• PROBLEM TO SOLVE: Leave every picture out, then reproduce the rest of the listing exactly.

• WORKING DATA:

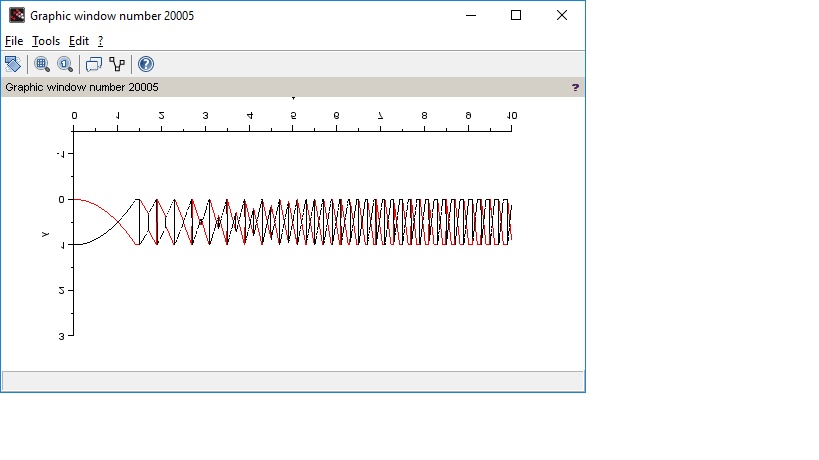 ich habe ein eigenartiges Grafikproblem. Nach dem Umstieg auf Windows 10 (Neuinstallation) und dem Installieren von Scilab 5.5.2 bekomme ich bei Verwendung von XCos selbst mit den integrierten Beispielen in sich gespiegelte Achsen. Ich hänge ein Bild an - es handelt sich um das Beispiel INTEGRATOR_m_1_Example.
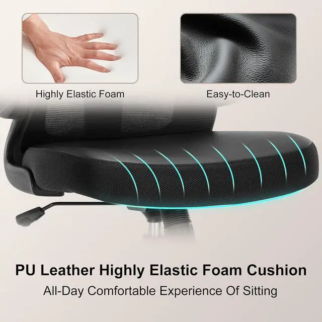 PU Leather Comfortable Cushion-The chair' s cushion is made of high elastic sponge foam, which is 2.75 " thick and 20.66 " wide, providing a soft and highly resilient seat that can effectively relieve fatigue after sitting for a long time. The chair' s back features a breathable, highly elastic tensile mesh that promotes good air circulation, keeping you cool even when sitting for long periods.
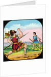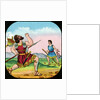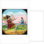 David Killing Goliath. David killing the Philistine giant with a stone from his sling. According to the Bible, Goliath was 6 cubits (approximately 3 metres) tall. From the Bible (1 Samuel 17:I).
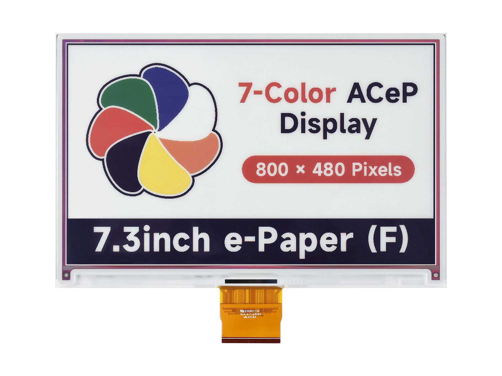 | 7.3inch e-Paper (F) | 7彩色 | 2 | 800×480 | 160.00 × 96.00 | 170.20 × 111.20 × 0.91 | 35 | - | - | SPI |
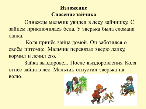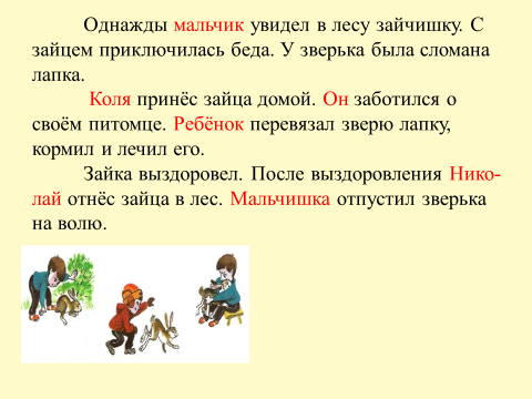 Однажды мальчик увидел в лесу зайчишку. С зайцем приключилась беда. У зверька была сломана лапка. Коля принёс зайца домой. Он заботился о своём питомце. Ребёнок перевязал зверю лапку, кормил и лечил его. Зайка выздоровел. После выздоровления Нико- лай отнёс зайца в лес. Мальчишка отпустил зверька на волю.

• WRITTEN SOLUTION:
 ich habe ein eigenartiges Grafikproblem. Nach dem Umstieg auf Windows 10 (Neuinstallation) und dem Installieren von Scilab 5.5.2 bekomme ich bei Verwendung von XCos selbst mit den integrierten Beispielen in sich gespiegelte Achsen. Ich hänge ein Bild an - es handelt sich um das Beispiel INTEGRATOR_m_1_Example.
 PU Leather Comfortable Cushion-The chair' s cushion is made of high elastic sponge foam, which is 2.75 " thick and 20.66 " wide, providing a soft and highly resilient seat that can effectively relieve fatigue after sitting for a long time. The chair' s back features a breathable, highly elastic tensile mesh that promotes good air circulation, keeping you cool even when sitting for long periods.
 David Killing Goliath. David killing the Philistine giant with a stone from his sling. According to the Bible, Goliath was 6 cubits (approximately 3 metres) tall. From the Bible (1 Samuel 17:I).
 | 7.3inch e-Paper (F) | 7彩色 | 2 | 800×480 | 160.00 × 96.00 | 170.20 × 111.20 × 0.91 | 35 | - | - | SPI |
 Однажды мальчик увидел в лесу зайчишку. С зайцем приключилась беда. У зверька была сломана лапка. Коля принёс зайца домой. Он заботился о своём питомце. Ребёнок перевязал зверю лапку, кормил и лечил его. Зайка выздоровел. После выздоровления Нико- лай отнёс зайца в лес. Мальчишка отпустил зверька на волю.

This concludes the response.